*** Supplied information ***

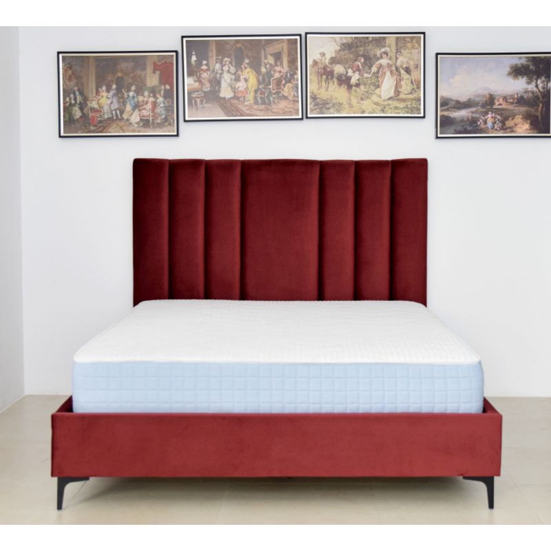 Pat Deja Vu, 180 x 200 cm, tapitat catifea, burgundiu, somiera inclusa Pat Deja Vu, 180 x 200 cm, tapitat catifea, burgundiu, somiera inclusa
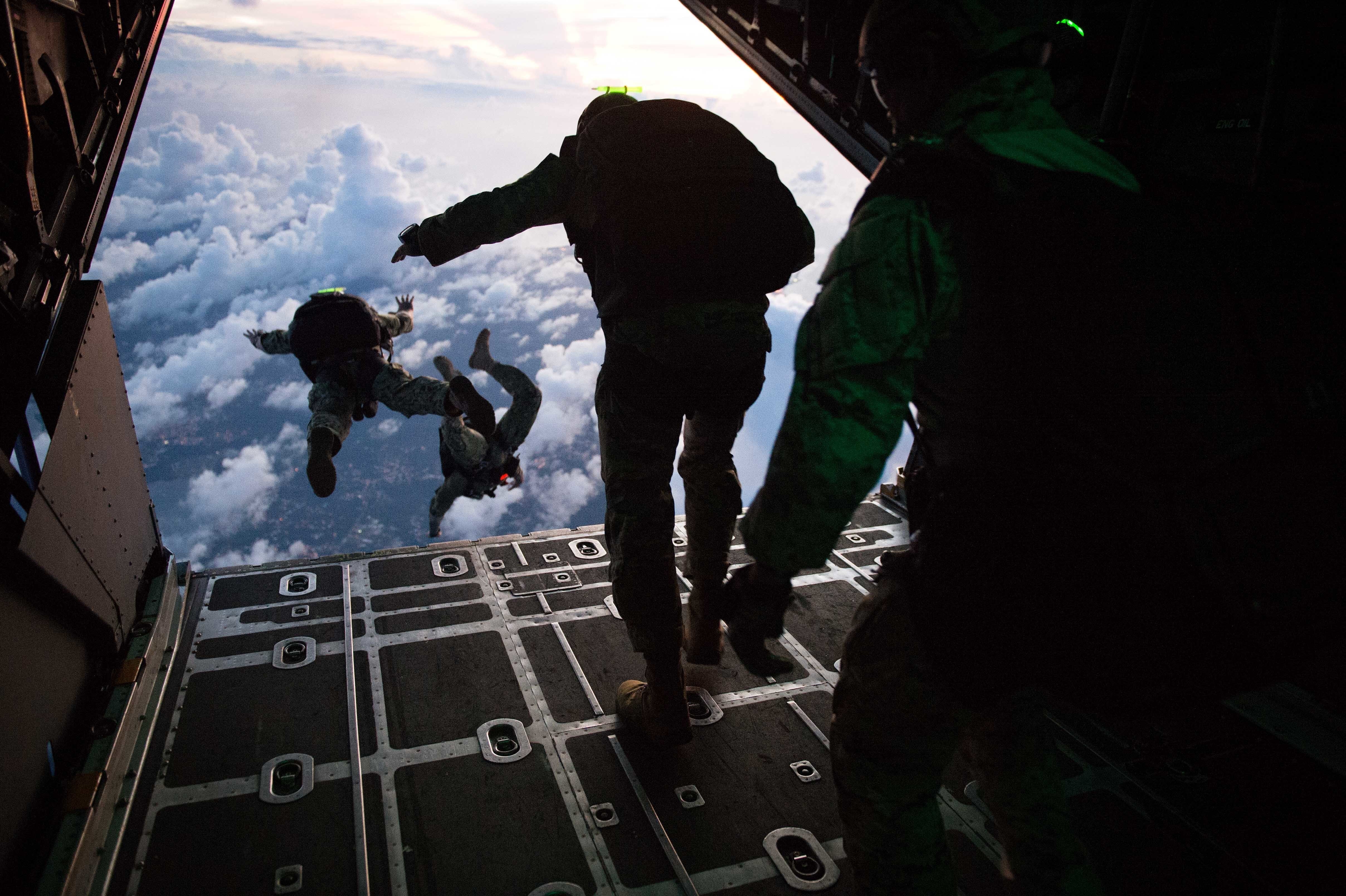 1511104-N-AX546-005 MEDITERRANEAN SEA (Nov. 4, 2015) USS Porter (DDG 78) transits the Strait of Gibraltar Nov. 4, 2015. Porter, an Arleigh Burke-class guided-missile destroyer, forward-deployed to Rota, Spain, is on routine patrol conducting naval operations in the U.S. 6th Fleet area of operations in support of U.S. national security interests in Europe. (U.S. Navy photo by Mass Communication Specialist 1st Class Sean Spratt/Released)U.S. Army Alaska Soldiers with Bravo Company, 3-21 Infantry Regiment, 1st Stryker Brigade scanning the Arctic tundra outside Deadhorse, Alaska, during Operation Arctic Pegasus, Nov. 4, 2015. Arctic Pegasus is U.S. Army Alaska's annual joint exercise designed to test rapid-deployment and readiness in the Arctic. The exercise marks the first time Strykers have deployed above the Arctic Circle. 1st Stryker Brigade Combat Team is the Army's northernmost unit and has the unique capability to deploy and operate in extreme cold regions.An American Air Force C-17 delivers paratroopers at Exercise Trident Juncture Nov. 4, 2015 near Zaragoza Spain. (Daniel Woolfolk/Staff)151104-N-UF697-105 YOKOSUKA, Japan (Nov. 4, 2015) Marines assigned to Fleet Anti-Terrorism Security Team Pacific (FASTPAC) fast-rope from an MH-60S Seahawk helicopter, attached to the “Golden Falcons” of Helicopter Sea Combat Squadron (HSC) 12, during a certification exercise at Commander Fleet Activities Yokosuka. FASTPAC companies maintain forward-deployed platoons at Navy installations around the world to provide crisis response capabilities and anti-terrorism and weapons training to security personnel. (U.S. Navy photo by Mass Communication Specialist 2nd Class Kevin V. Cunningham/Released)Explosive Ordnance Disposal (EOD) Technicians, assigned to Explosive Ordnance Disposal Mobile Unit (EODMU) 5, perform a free fall jump from a C-130 Hercules during military free fall jump sustainment training in Santa Rita, Guam, Nov. 4, 2015. EODMU-5 periodically conducts parachute operations to maintain proficiency. EODMU-5 is assigned to Commander, Task Force 75 (CTF 75), the primary expeditionary task force responsible for the planning and execution of coastal riverine operations, explosive ordnance disposal, diving engineering and construction, and underwater construction in the U.S. 7th fleet area of responsibility. (U.S. Navy Combat Camera photo by Petty Officer 1st Class Ace Rheaume/RELEASED)Airman 1st Class Gabriel Bongat, 36th Aircraft Maintenance Unit weapons load crew member, uses a speed handle on an F-16 Fighting Falcon assigned to the 36th Fighter Squadron Nov. 4, 2015, at Osan Air Base, Republic of Korea. Members of the 36th AMU are participating in the large-scale readiness exercise Vigilant Ace 16. During the exercise, Airmen launch and recover aircraft continuously during their 12-hour shifts. Vigilant Ace 16 is designed to enhance the interoperability of the U.S. and Republic of Korea Air Forces. (U.S. Air Force photo/Staff Sgt. Benjamin Sutton)An F-16 Fighting Falcon assigned to the 36th Fighter Squadron is pushed inside a hardened facility by members of the 36th Aircraft Maintenance Unit Nov. 4, 2015, at Osan Air Base, Republic of Korea. More than eight squadrons from three separate bases across Pacific Air Forces are participating in Vigilant Ace 16. Vigilant Ace 16 is a large-scale exercise designed to enhance the interoperability of the U.S. and Republic of Korea Air Forces. (U.S. Air Force photo/Staff Sgt. Benjamin Sutton)U.S. Marines with Marine Air Support Squadron (MASS) 1, participate in a formation run at Marine Corps Air Station Cherry Point, N.C., Nov. 4, 2015. MASS-1 conducted a 24-hour, 240 mile relay to honor former and fallen Marines before their 240th Birthday Ball later that evening. (U.S. Marine Corps photo by Lance Cpl. Austin A. Lewis/Released)The USS Theodore Roosevelt can be seen in the background as Secretary of Defense Ash Carter flies in a V-22 Osprey after visiting the aircraft carrier with Malaysian Minister of Defense Hishammuddin Hussein Nov. 5, 2015. (Photo by Senior Master Sgt. Adrian Cadiz)(Released)
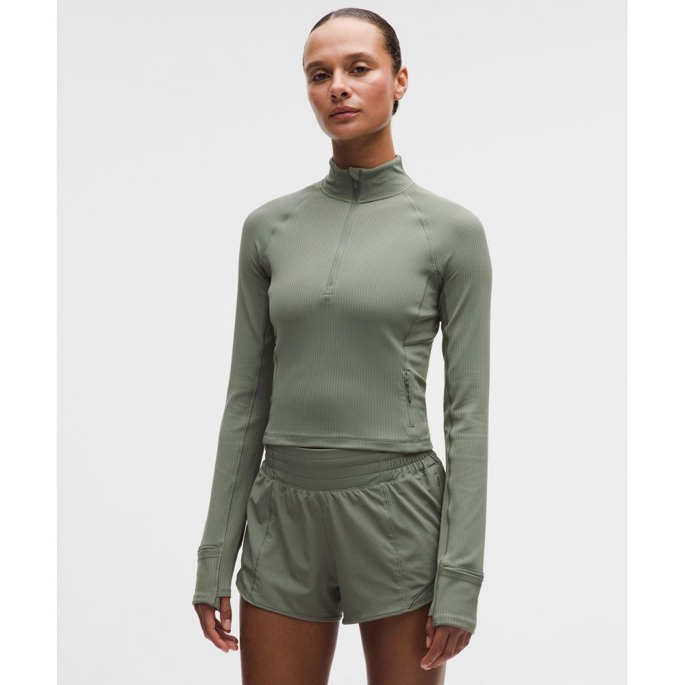 Lululemon It S Rulu Ribbed Cropped Half Zip Updated Willow Leaf

*** End of Supplied information ***

Wherever a picture appears, omit it; copy the rest of the data exactly.

[Answer to this problem]:
 Pat Deja Vu, 180 x 200 cm, tapitat catifea, burgundiu, somiera inclusa Pat Deja Vu, 180 x 200 cm, tapitat catifea, burgundiu, somiera inclusa
 1511104-N-AX546-005 MEDITERRANEAN SEA (Nov. 4, 2015) USS Porter (DDG 78) transits the Strait of Gibraltar Nov. 4, 2015. Porter, an Arleigh Burke-class guided-missile destroyer, forward-deployed to Rota, Spain, is on routine patrol conducting naval operations in the U.S. 6th Fleet area of operations in support of U.S. national security interests in Europe. (U.S. Navy photo by Mass Communication Specialist 1st Class Sean Spratt/Released)U.S. Army Alaska Soldiers with Bravo Company, 3-21 Infantry Regiment, 1st Stryker Brigade scanning the Arctic tundra outside Deadhorse, Alaska, during Operation Arctic Pegasus, Nov. 4, 2015. Arctic Pegasus is U.S. Army Alaska's annual joint exercise designed to test rapid-deployment and readiness in the Arctic. The exercise marks the first time Strykers have deployed above the Arctic Circle. 1st Stryker Brigade Combat Team is the Army's northernmost unit and has the unique capability to deploy and operate in extreme cold regions.An American Air Force C-17 delivers paratroopers at Exercise Trident Juncture Nov. 4, 2015 near Zaragoza Spain. (Daniel Woolfolk/Staff)151104-N-UF697-105 YOKOSUKA, Japan (Nov. 4, 2015) Marines assigned to Fleet Anti-Terrorism Security Team Pacific (FASTPAC) fast-rope from an MH-60S Seahawk helicopter, attached to the “Golden Falcons” of Helicopter Sea Combat Squadron (HSC) 12, during a certification exercise at Commander Fleet Activities Yokosuka. FASTPAC companies maintain forward-deployed platoons at Navy installations around the world to provide crisis response capabilities and anti-terrorism and weapons training to security personnel. (U.S. Navy photo by Mass Communication Specialist 2nd Class Kevin V. Cunningham/Released)Explosive Ordnance Disposal (EOD) Technicians, assigned to Explosive Ordnance Disposal Mobile Unit (EODMU) 5, perform a free fall jump from a C-130 Hercules during military free fall jump sustainment training in Santa Rita, Guam, Nov. 4, 2015. EODMU-5 periodically conducts parachute operations to maintain proficiency. EODMU-5 is assigned to Commander, Task Force 75 (CTF 75), the primary expeditionary task force responsible for the planning and execution of coastal riverine operations, explosive ordnance disposal, diving engineering and construction, and underwater construction in the U.S. 7th fleet area of responsibility. (U.S. Navy Combat Camera photo by Petty Officer 1st Class Ace Rheaume/RELEASED)Airman 1st Class Gabriel Bongat, 36th Aircraft Maintenance Unit weapons load crew member, uses a speed handle on an F-16 Fighting Falcon assigned to the 36th Fighter Squadron Nov. 4, 2015, at Osan Air Base, Republic of Korea. Members of the 36th AMU are participating in the large-scale readiness exercise Vigilant Ace 16. During the exercise, Airmen launch and recover aircraft continuously during their 12-hour shifts. Vigilant Ace 16 is designed to enhance the interoperability of the U.S. and Republic of Korea Air Forces. (U.S. Air Force photo/Staff Sgt. Benjamin Sutton)An F-16 Fighting Falcon assigned to the 36th Fighter Squadron is pushed inside a hardened facility by members of the 36th Aircraft Maintenance Unit Nov. 4, 2015, at Osan Air Base, Republic of Korea. More than eight squadrons from three separate bases across Pacific Air Forces are participating in Vigilant Ace 16. Vigilant Ace 16 is a large-scale exercise designed to enhance the interoperability of the U.S. and Republic of Korea Air Forces. (U.S. Air Force photo/Staff Sgt. Benjamin Sutton)U.S. Marines with Marine Air Support Squadron (MASS) 1, participate in a formation run at Marine Corps Air Station Cherry Point, N.C., Nov. 4, 2015. MASS-1 conducted a 24-hour, 240 mile relay to honor former and fallen Marines before their 240th Birthday Ball later that evening. (U.S. Marine Corps photo by Lance Cpl. Austin A. Lewis/Released)The USS Theodore Roosevelt can be seen in the background as Secretary of Defense Ash Carter flies in a V-22 Osprey after visiting the aircraft carrier with Malaysian Minister of Defense Hishammuddin Hussein Nov. 5, 2015. (Photo by Senior Master Sgt. Adrian Cadiz)(Released)
 Lululemon It S Rulu Ribbed Cropped Half Zip Updated Willow Leaf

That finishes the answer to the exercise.